Benefits of tobacco-free parks: reduces secondhand smoke exposure, promotes healthier lifestyles, models tobacco-free norm for children, lowers tobacco use rates and its cost to our community, reduces tobacco litter and fire risk, and makes our community more attractive to move to and stay in.

There is no safe level of exposure to secondhand smoke. There are no drawbacks to tobacco-free parks. The City Council has been hearing from me, and I hope they also start hearing from others.

Monuments

ROGER W. SMITH

WATERLOO — With apologies to George Santayana, when we ignore or forget history, nobody today seems to care. Back in the Eighth Century, Emporor Leo III the Isaurian, launched a campaign against sacred images in a period of destruction we call Iconoclasm. In 1966 Mao Zedong initiated in China his great surge called the cultural revolution, during which his Red Guard ravaged every city and town and some areas in the countryside. In Beijing, for example, 4,922 of 6,843 monuments were obliterated. Tens of millions died.

A few decades later, modern day iconoclasts in Afghanistan set out to destroy religious images.
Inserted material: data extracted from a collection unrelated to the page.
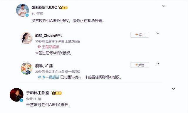 从没与任何所谓“AI艺人库”签署过任何形式的书面协议。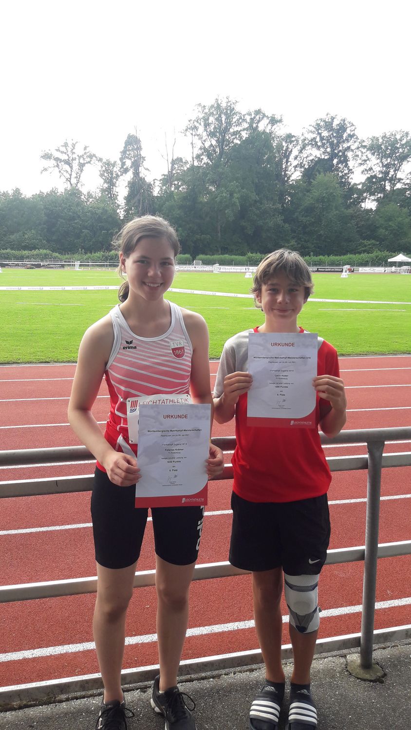 Am letzten Wochenende waren dann noch die Württembergischen Mehrkampfmeisterschaften U16 in Pliezhausen. Hier konnte Levin relativ überraschend, nach solider Gesamtleistung, den 8ten Platz erreichen. Etwas besser lief es für Felizitas, welche nach Bestleistung im Kugel (8,03m) und gutem Hochsprung (1,52m) einen hervorragenden 6ten Platz erreichte.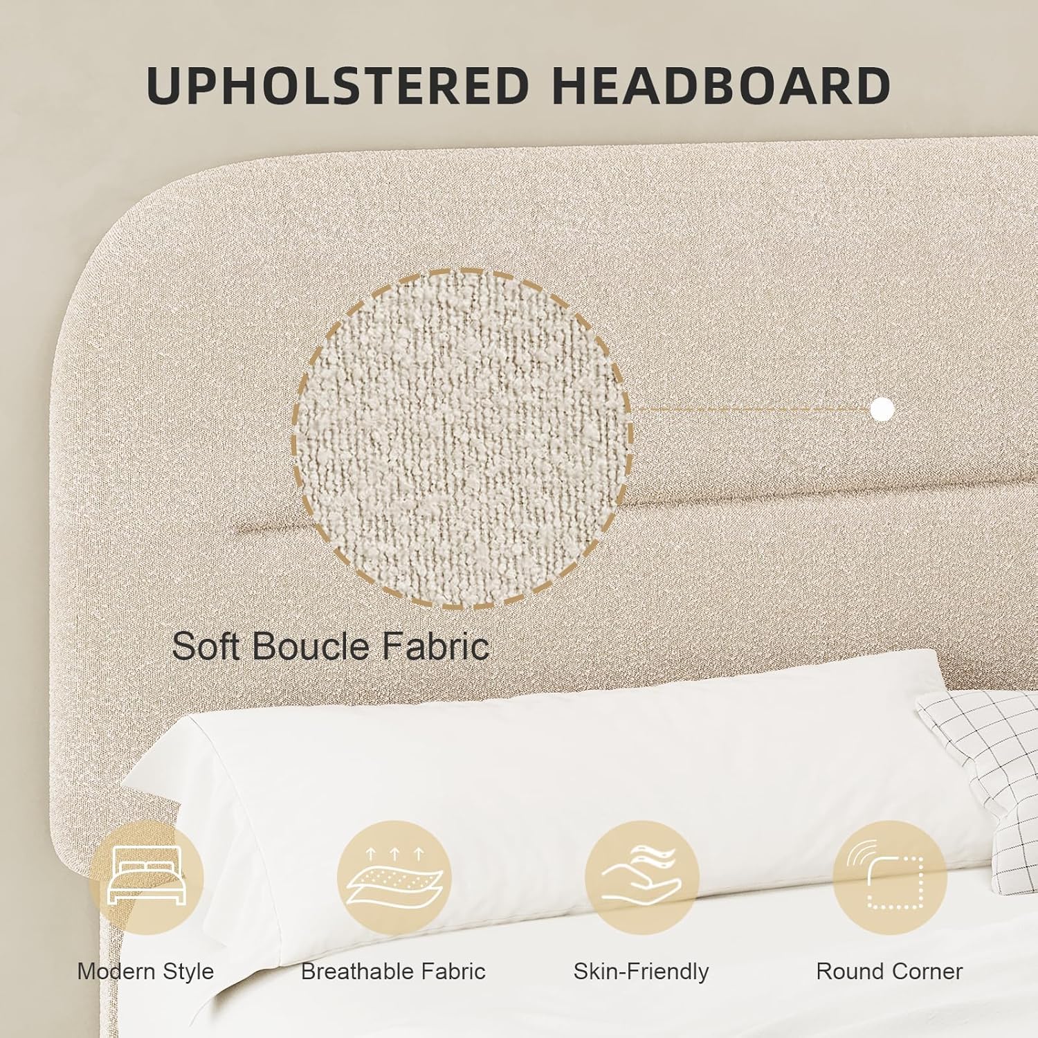 Curved Anti-collision Design: The headboard and footboard of this boucle bed frame king have a simple and smooth curved design, which is aesthetically pleasing and also reduces damage caused by daily collisions, making it more suitable for children and teenagers

More recently, bands of ISIS thugs destroyed every trace of Judeo Christian antiquities they could find.

This year, vandals, masquerading as high-minded crusaders, want to tear down historical monuments because they perceive real or imagined links to unpleasant facts of history. Citizens of local communities may legitimately decide whether or not certain secular monuments are no longer appropriate, and they have every right to remove those items. But it should never be up to anarchists, criminals or political opportunists to make that decision.

The rule of law must prevail.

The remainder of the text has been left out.